# About this notebook

You might have noticed that the train dataset is composed of over 11M data points, but there are only 17k training labels, and 1000k test labels you are predicting. The reason for that is there are many thousand different entries for each `installation_id`, each representing an `event`. This notebook simply gathers all the events into 17k groups, each group corresponds to an `installation_id`. Then, it takes the aggregation (using sums, counts, mean, std, etc.) of those groups, thus resulting in a dataset of summary statistics of each `installation_id`. After that, it simply fits a model on that dataset.

## Updates

V20:
* Updated variable names for clarity.

V17:
* Removed statistics on event codes, since that created a lot of columns and LGBM seems to overfit on that information.

V16:
* Added mode of title `accuracy_group` (retrieved from training set) as a feature

V10:
* Fixed labelling problem. Before that, I was blindly predicting the target without even the title I was trying to assess 🤦. I added that now by using the "title" column from `train_labels.csv`, and using the last row of each installation_id from `test.csv` to construct a `test_labels` dataframe.

V8: 
* Added `cv_train`, a function that trains k-models on each of k-fold CV splits.

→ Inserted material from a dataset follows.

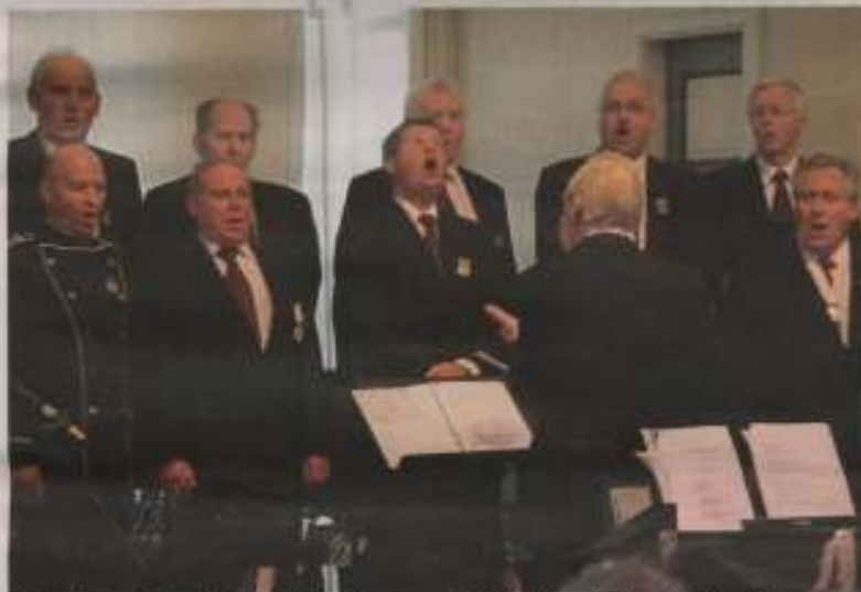
OPPHAV I MELØY: Nordre Meløy mannskor synger fredag "I en sal på hospitalet, skillingsvisa med røtter i Meløy.

Then, you can use function `cv_predict` to use the list of models to predict an output (and blend the results).
* Added more summary statistics for `event_code` and `game_time`, including skewness of the distribution.

## References

* CV idea inspired from [this kernel](https://www.kaggle.com/tanreinama/ds-bowl-2019-simple-lgbm-aggregated-data-with-cv). Thank you!
* Adding mode as a feature: https://www.kaggle.com/mhviraf/a-baseline-for-dsb-2019

In [2]:
import os

import numpy as np
import matplotlib.pyplot as plt
import pandas as pd
#import lightgbm as lgb
import scipy as sp
from tensorflow.keras.preprocessing.sequence import pad_sequences
from sklearn.model_selection import train_test_split
from sklearn.linear_model import LogisticRegression
from sklearn.svm import LinearSVC
from sklearn.metrics import classification_report
from sklearn.model_selection import KFold
from tqdm import tqdm

In [3]:
tqdm.pandas()

# Load Data

In [5]:
%%time
# Only load those columns in order to save space
keep_cols = ['event_id', 'game_session', 'installation_id', 'event_count', 'event_code', 'title', 'game_time', 'type', 'world']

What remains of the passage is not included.